DARMA-tasking / LB-analysis-framework

Analysis framework for exploring, testing, and comparing load balancing strategies
Other
5 stars 1 forks source link

#537: Fix broken CI #538

Closed cwschilly closed 2 months ago

cwschilly commented 2 months ago

Fixes #537

cwschilly commented 2 months ago

The CI is fixed now but I'm still investigating why all tests passed on PR #528 . I've rerun the pipelines on that branch and they're failing now.

@tlamonthezie Do you have any idea what would have made the tests pass originally?

tlamonthezie commented 2 months ago

The CI is fixed now but I'm still investigating why all tests passed on PR #528 . I've rerun the pipelines on that branch and they're failing now.

@tlamonthezie Do you have any idea what would have made the tests pass originally?

This is probably because the schema changed in vt in LBDatafile_schema.py with the recent modification of the validate_ids constraint. (modification done after the current PR) In lbaf tests we tests some invalid schemas but the expected first error was no more thrown because new error was thrown first in the wrong schema datasets (because validate_ids fail and there are then 2 errors in some test schemas). Any update in the vt schema in fact might make lbaf schema tests fail even if it previously succeeded. In this particular case resolving the data files errors thrown by validate_ids should make ci passing again because the remaining error will be the expected one again.

tlamonthezie commented 2 months ago

Hello @cwschilly it seems that the bug is in the VT schema validation process. Schema is defined at https://github.com/DARMA-tasking/vt/blob/develop/scripts/LBDatafile_schema.py

The recently added condidion if field['migratable'] and 'seq_id' in field and 'collection_id' not in field: is definitely the error source at vt #2278) The added if statement is not testing if the optional migratable key is present although the schema defines it as optional. So if key is not present (in a communication from or to node) we get (and we will get) a failure of type KeyError('migratable') raised when validate_ids is called. To fix it we should fix VT schema by replacing if field['migratable'] by if field.get('migratable') is True in the condition (the get method will return None if key is not present and we won't get the key error)
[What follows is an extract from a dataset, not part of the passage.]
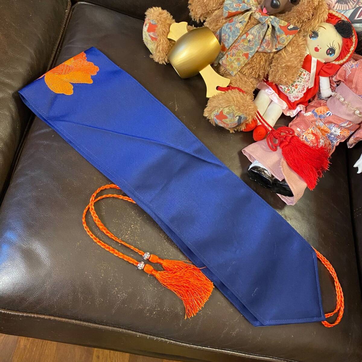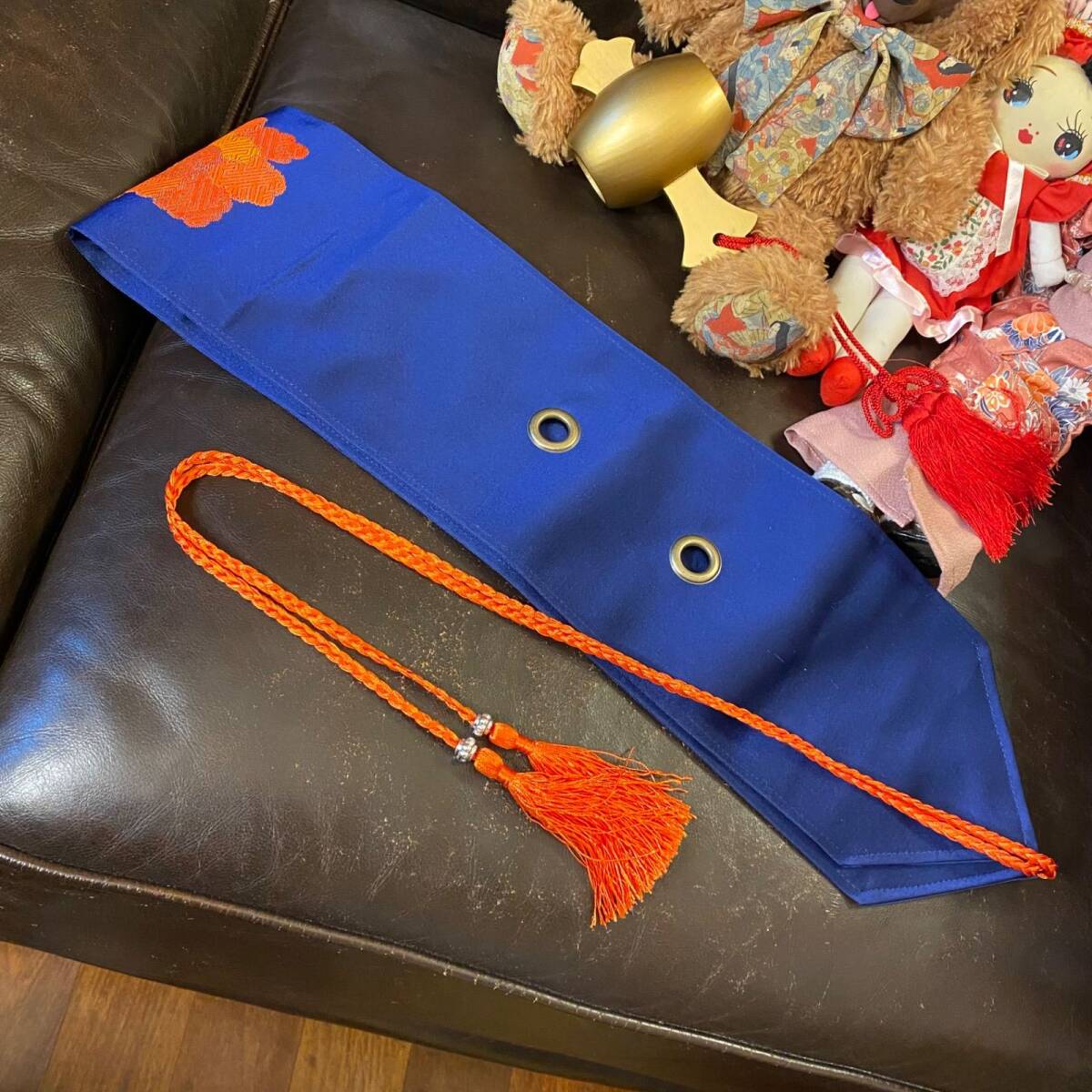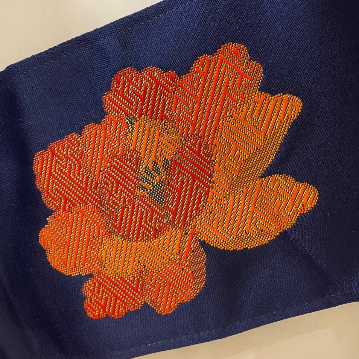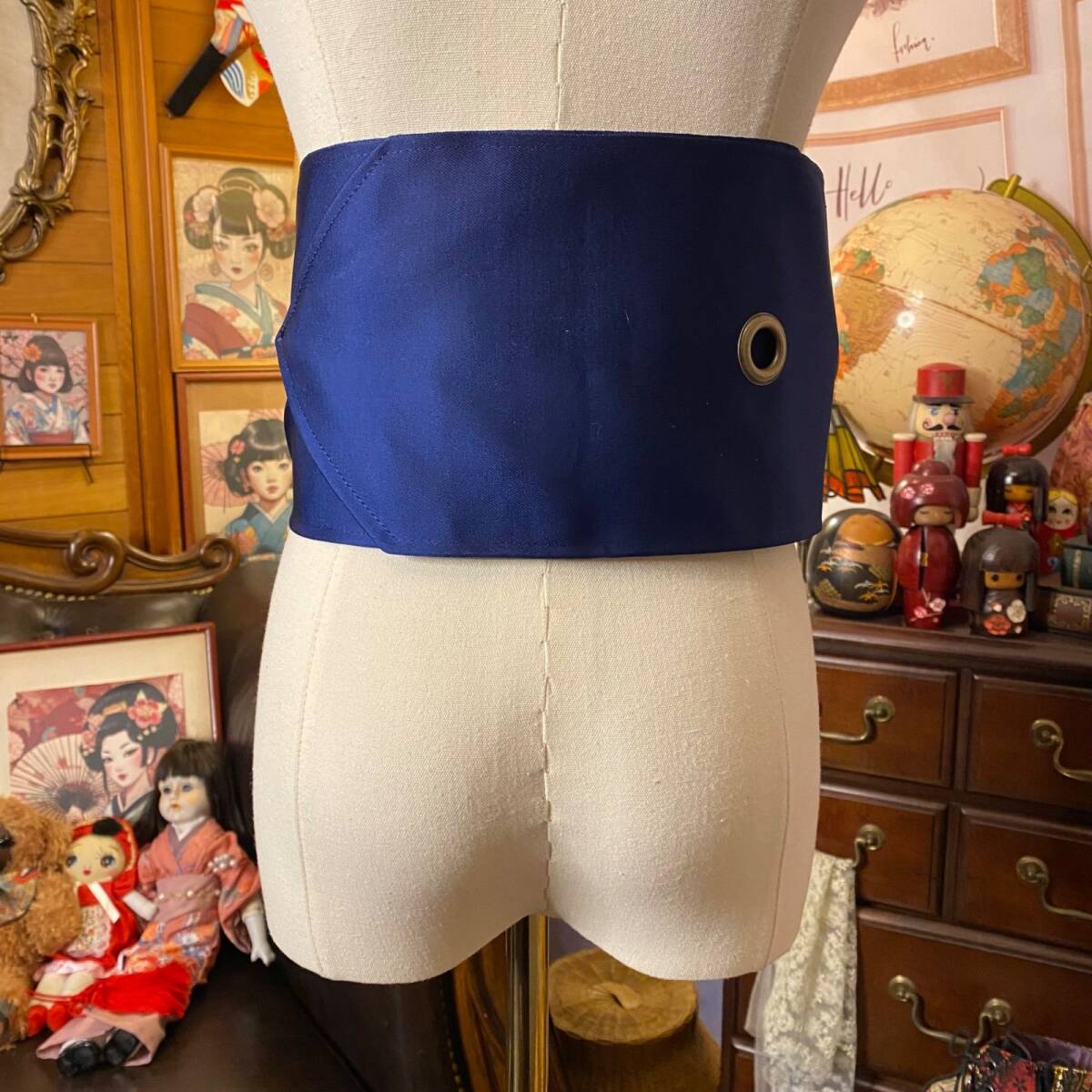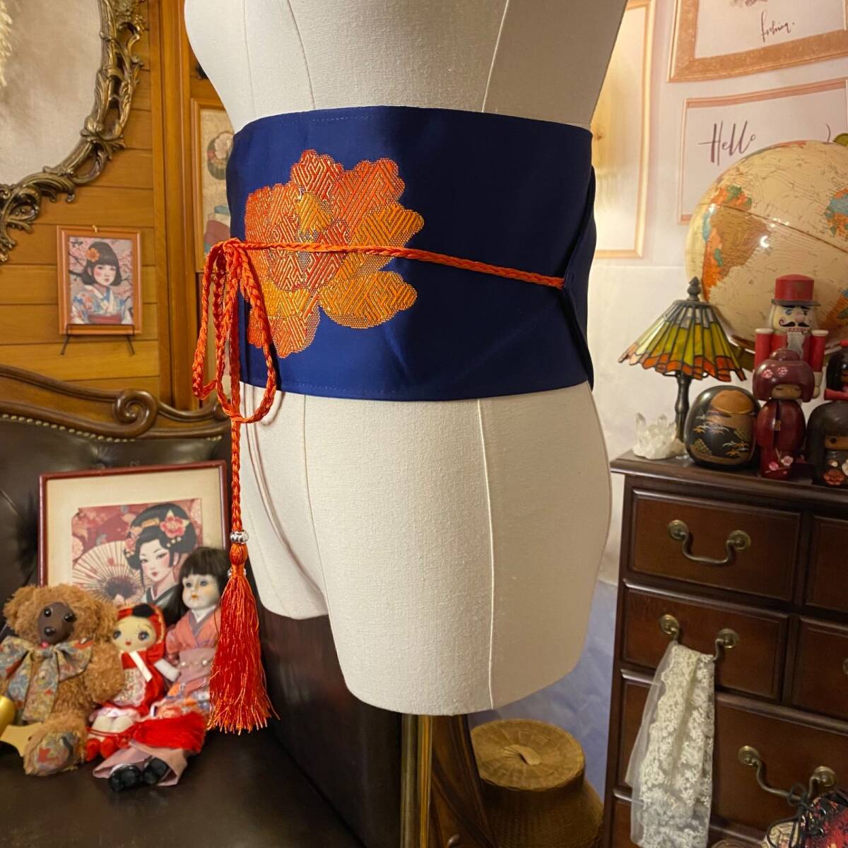 【名古屋帯 リメイク サッシュベルト 飾り帯 和洋折衷 ハンドメイド レトロ 古着 L〜LL対応 群青を裂く、一輪の熾火。 ROB-111】

LFAF unit tests have passed until the introduction of this condition in vt schema because it was passing with this schema version: https://github.com/DARMA-tasking/vt/blob/2342-change-schema-to-allow-for-id-or-seq_id/scripts/LBDatafile_schema.py

@cwschilly even if the current PR make tests passing again I suggest to fix the initial cause of the error and then you can open an issue in VT to make a quickfix. Tests pass now - because you added migratable: true everywhere it was missing - but if we have communications without migratable keys (non-migratable tasks) we might encouter that error again in the future unless we fix the schema validate_ids function.